The tyrant heard something, a pattering of feet from behind. He risked a glance backwards and saw they had an audience. A thousand, a million burning eyes coming up on their heels, ready to interrupt this duel of the ages, ready to devour them both.
It was now or never.
The nemesis had backed up, a little, readying itself for a charge. Its head was down, horns pointed forward like three lances. It was a lumbering beast, but once it got up to speed it would run at him like a fiery comet, a fast blur of motion and then it would gore him, pin him on its horns and push him back, push him as his little arms beat at its plow-shaped face. It would disembowel him—
If he let it.
The nemesis charged with all the strength in its massive legs, hurtling toward him in a perfectly straight line. The tyrant waited, standing there as if he’d given up, as if he’d accepted this final pass—until the last possible moment. Then he broke left, his feet slapping at the ground. He didn’t quite get out of the way, but instead of goring him those horns knocked him ass-over-head rolling up the path. The tyrant scrabbled to recover his footing. The nemesis started to wheel around, loosing horrible cries. It knew the game, just as the tyrant did. The tyrant was behind it now, ready to strike at its unprotected sides, and it turned as quickly as it could.
But for once—just this once—the tyrant didn’t take the opportunity. Instead he turned tail and ran. Because he knew what was about to happen.
Behind him, even as the nemesis prepared for another charge, the wave of dead-eyed plant-eaters rolled up the trail. It broke over the nemesis, all those dead mouths clamoring for living flesh.
The nemesis’ screams chased the tyrant all the way to the top of the world.
The air was better up there. Cleaner. As the tyrant’s lungs surged, they no longer sucked in great snootfuls of dust. He could see what lay ahead of him, and it was good. A long, easy slope leading down into a new world, a hidden world of canyons that wound between the mountain peaks. He saw nothing moving down there, neither living nor dead.

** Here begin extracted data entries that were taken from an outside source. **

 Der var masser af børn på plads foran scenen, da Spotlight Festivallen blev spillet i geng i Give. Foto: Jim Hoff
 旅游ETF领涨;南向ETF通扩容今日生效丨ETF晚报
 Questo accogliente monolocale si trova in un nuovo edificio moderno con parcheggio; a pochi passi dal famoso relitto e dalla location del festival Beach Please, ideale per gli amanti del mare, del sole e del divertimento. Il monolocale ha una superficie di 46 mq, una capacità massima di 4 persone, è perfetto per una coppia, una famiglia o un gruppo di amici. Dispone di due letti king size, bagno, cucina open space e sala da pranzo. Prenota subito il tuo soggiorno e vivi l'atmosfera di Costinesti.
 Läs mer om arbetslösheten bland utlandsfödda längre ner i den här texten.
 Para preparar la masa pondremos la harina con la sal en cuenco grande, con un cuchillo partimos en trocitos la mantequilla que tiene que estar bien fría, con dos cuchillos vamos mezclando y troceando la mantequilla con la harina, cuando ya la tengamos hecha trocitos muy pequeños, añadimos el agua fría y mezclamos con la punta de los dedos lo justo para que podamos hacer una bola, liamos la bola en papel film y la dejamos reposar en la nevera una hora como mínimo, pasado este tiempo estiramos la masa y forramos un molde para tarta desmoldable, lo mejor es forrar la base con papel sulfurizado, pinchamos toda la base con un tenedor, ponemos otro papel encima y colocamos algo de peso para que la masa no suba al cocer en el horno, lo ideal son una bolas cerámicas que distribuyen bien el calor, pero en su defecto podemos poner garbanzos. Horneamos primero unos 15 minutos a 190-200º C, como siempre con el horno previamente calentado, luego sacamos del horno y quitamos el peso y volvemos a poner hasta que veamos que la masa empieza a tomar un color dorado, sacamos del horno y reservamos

He could hide in those canyons. He could nurse his wounds down there and consider his options.
He was going to make it.
He wanted to rest. He needed to eat. Those things didn’t matter. He was going to head down into those shadowy canyons and he was going to live. He would survive. A hundred million years of evolution had made him the master of this world. One rock from space couldn’t end that winning streak. He, perhaps alone, would remain, would outlast the end times.
And it was good. So very, very good to be alive.
His lips peeled back in his trademark evil grin as he headed down the slope. So much easier to climb down than up. He settled into a relaxed, energy-conserving lope, and the fear began to subside. The things behind him could have the valley, the dead things. The not-dead things, they could consume one another all day if they wanted. He had made it out, passed beyond the vale of death. He would find something to eat, and then he would think about how to reconsolidate. How to regain his crown, as the undisputed master of the food chain. He would—
There was no sound, but something moved. He froze and looked around. And saw it had been a shadow. A dark spot flashing across the rocky ground, there and then gone.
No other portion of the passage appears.